Start of Supplied information

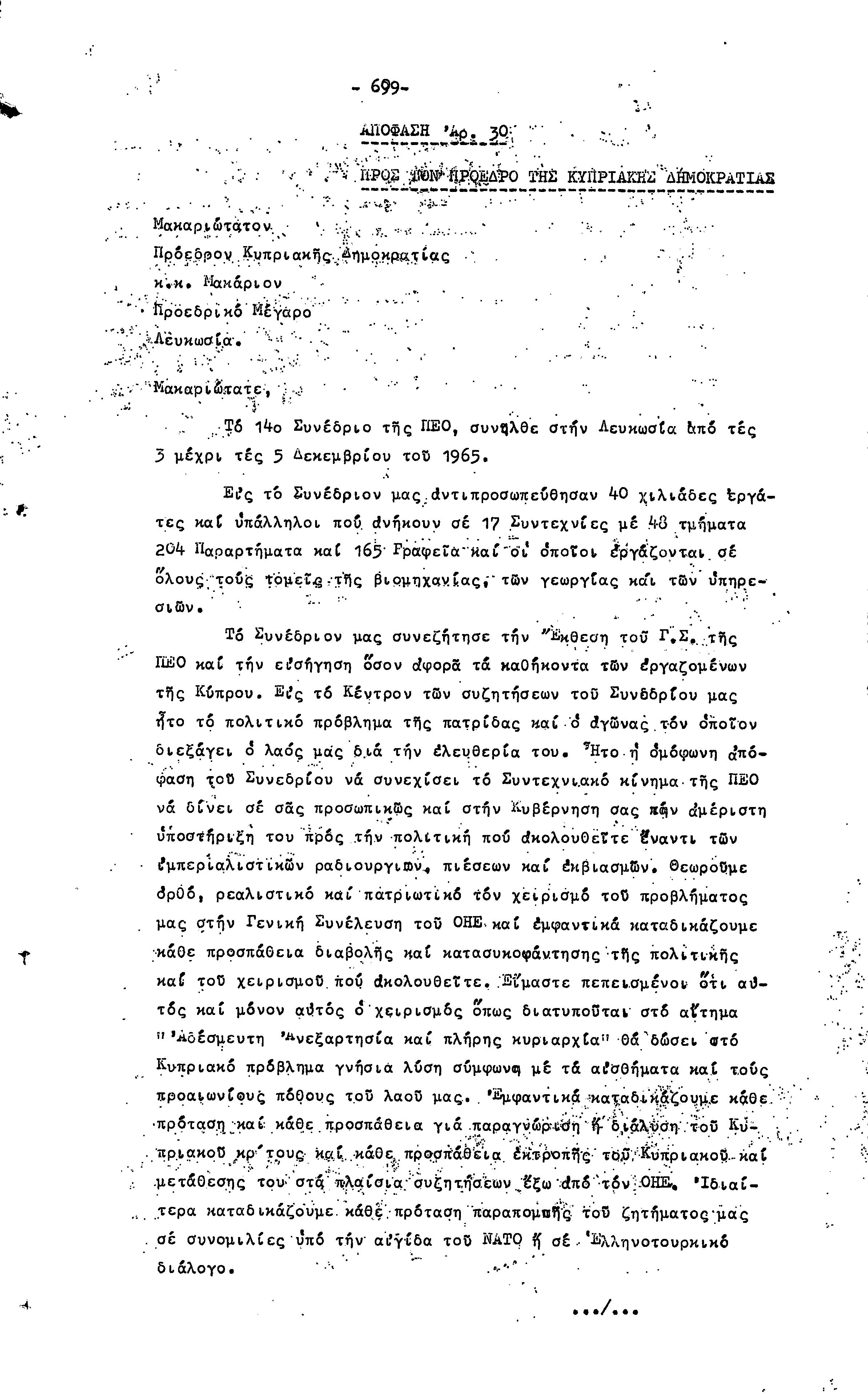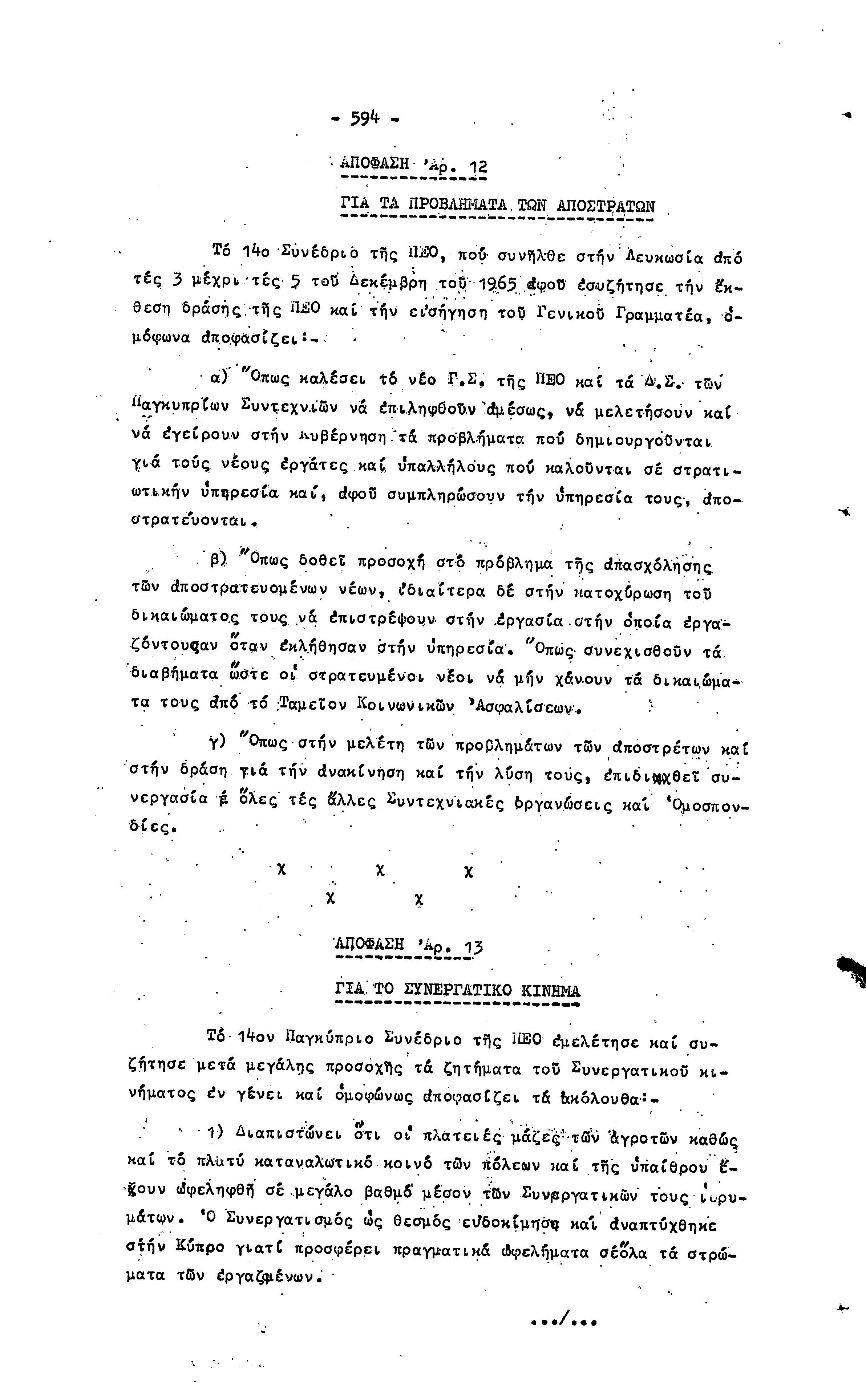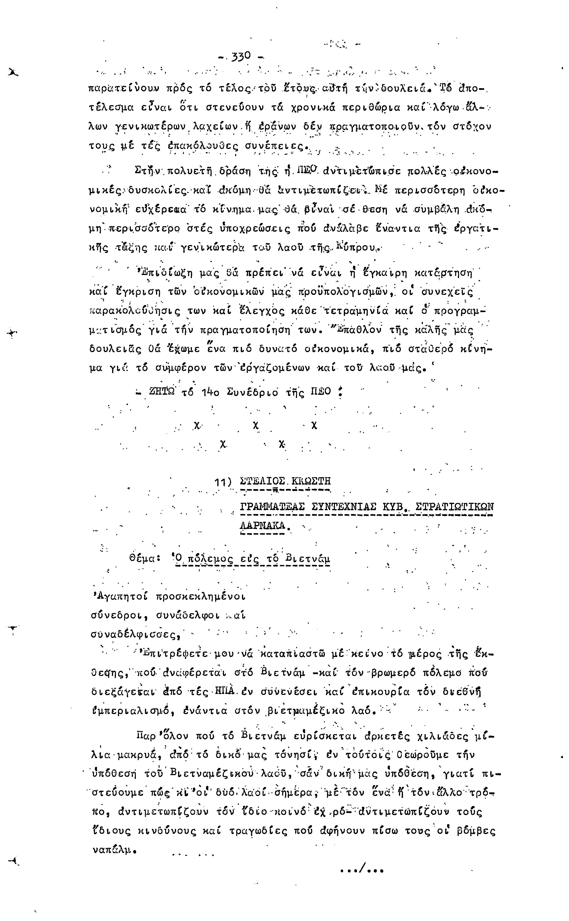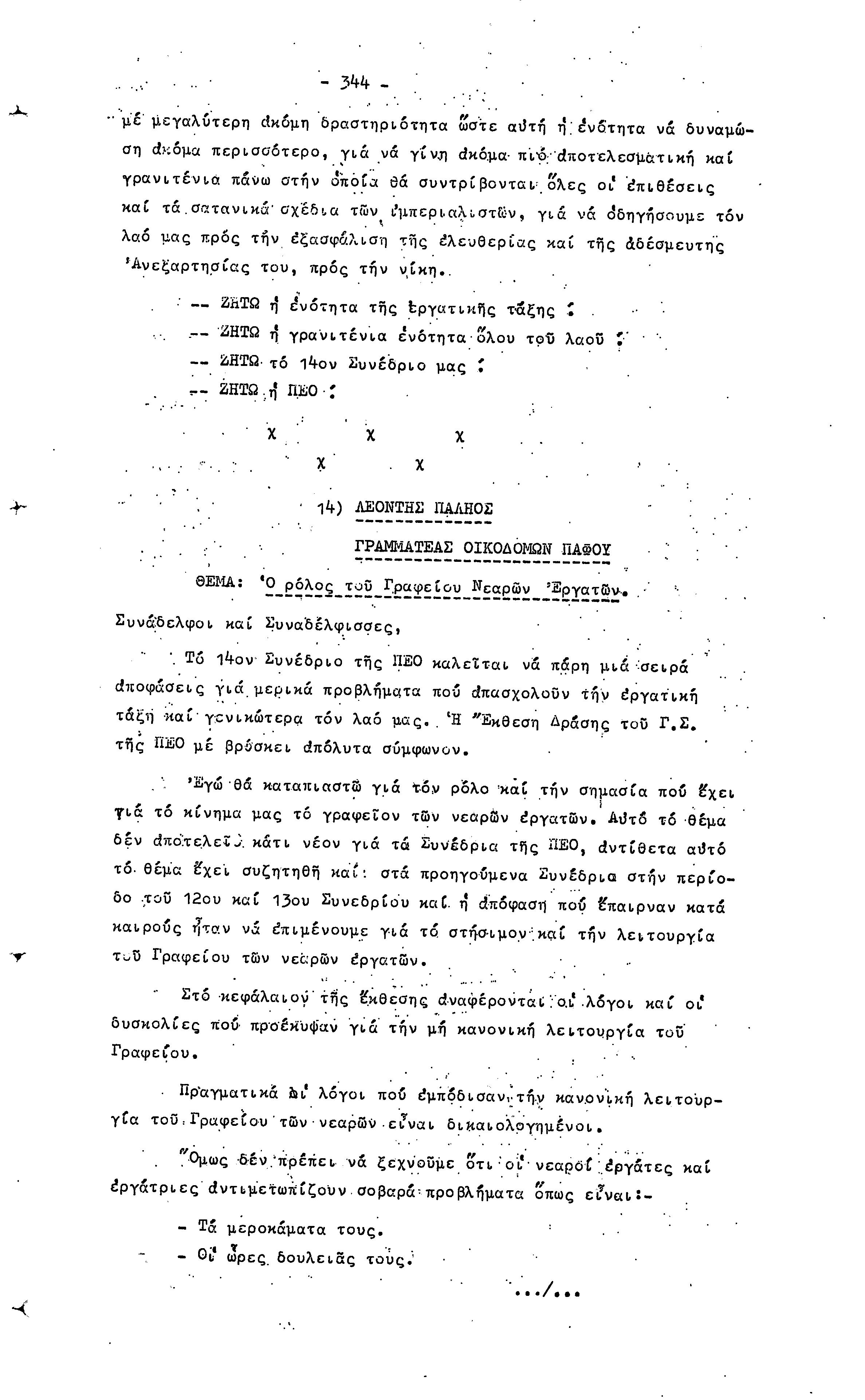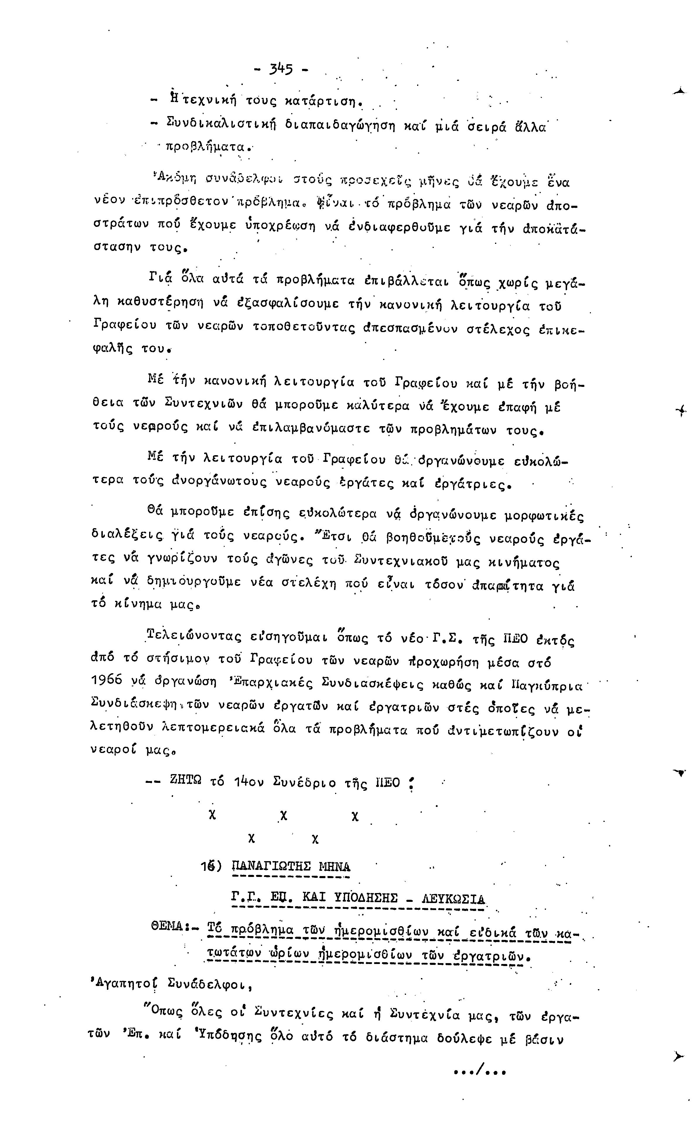 14ο ΠΑΓΚΥΠΡΙΟ ΣΥΝΕΔΡΙΟ ΠΕΟ, 3-5 ΔΕΚΕΜΒΡΙΟΥ 1966 ( ΠΡΑΚΤΙΚΑ) ΜΕΡΟΣ 2
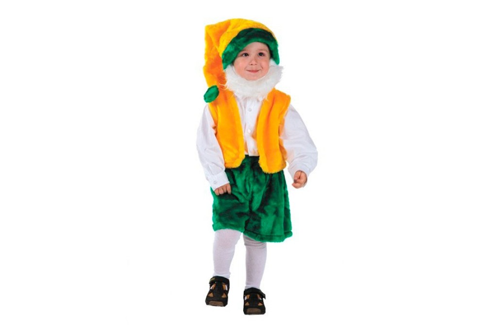 Все элементы костюма выполнены из качественного искусственного меха ярких расцветок, в таких цветах как желтый и зеленый. Жилетка желтого цвета, шорты-зеленые, колпак очень интересно и забавно дополняет костюм гнома, так же в комплект входит борода.
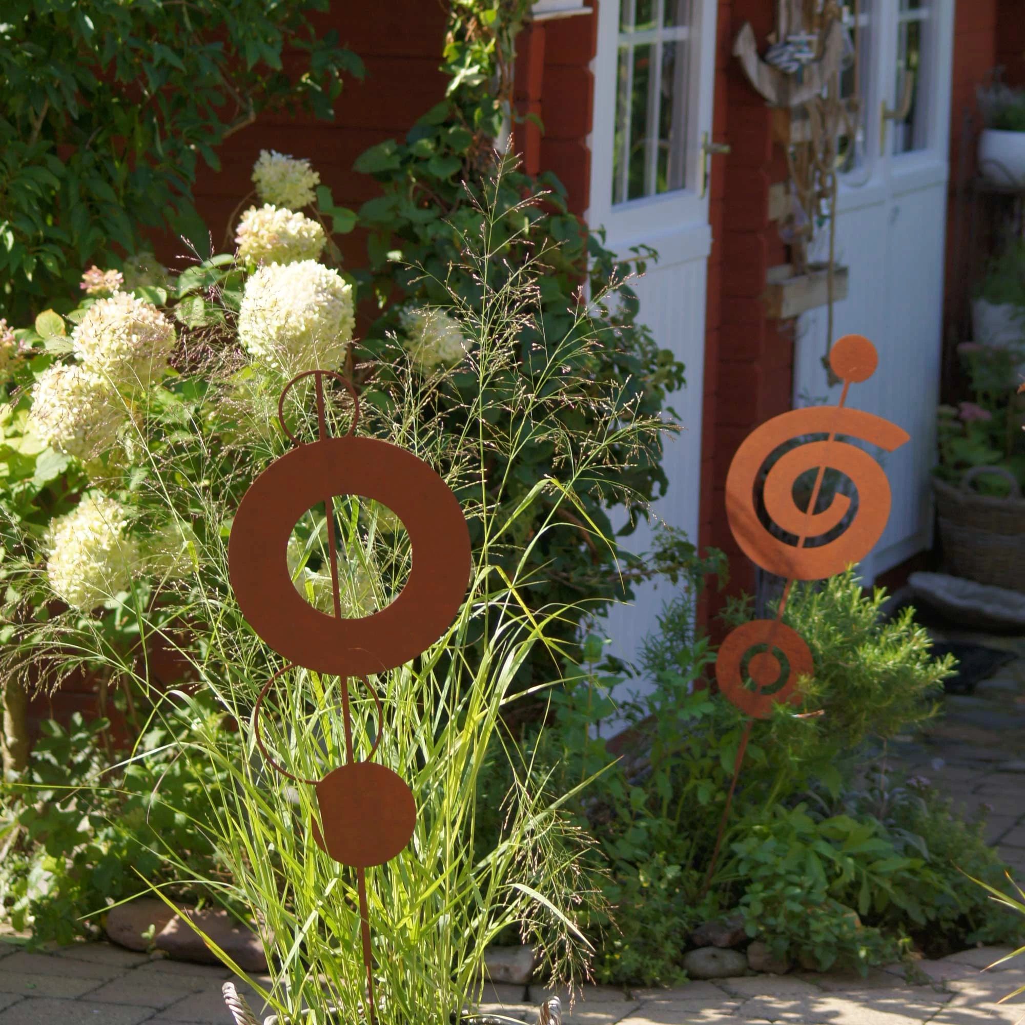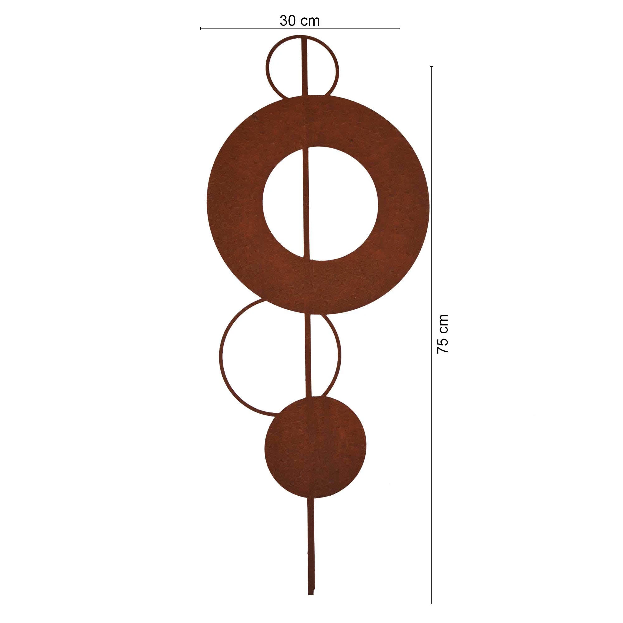 UNUS GARDEN Gartenstecker Rost Design Stab mit Kreisen

End of Supplied information

Exercise: Write the lines above out again exactly, without any of their pictures.

Solution below:
 14ο ΠΑΓΚΥΠΡΙΟ ΣΥΝΕΔΡΙΟ ΠΕΟ, 3-5 ΔΕΚΕΜΒΡΙΟΥ 1966 ( ΠΡΑΚΤΙΚΑ) ΜΕΡΟΣ 2
 Все элементы костюма выполнены из качественного искусственного меха ярких расцветок, в таких цветах как желтый и зеленый. Жилетка желтого цвета, шорты-зеленые, колпак очень интересно и забавно дополняет костюм гнома, так же в комплект входит борода.
 UNUS GARDEN Gartenstecker Rost Design Stab mit Kreisen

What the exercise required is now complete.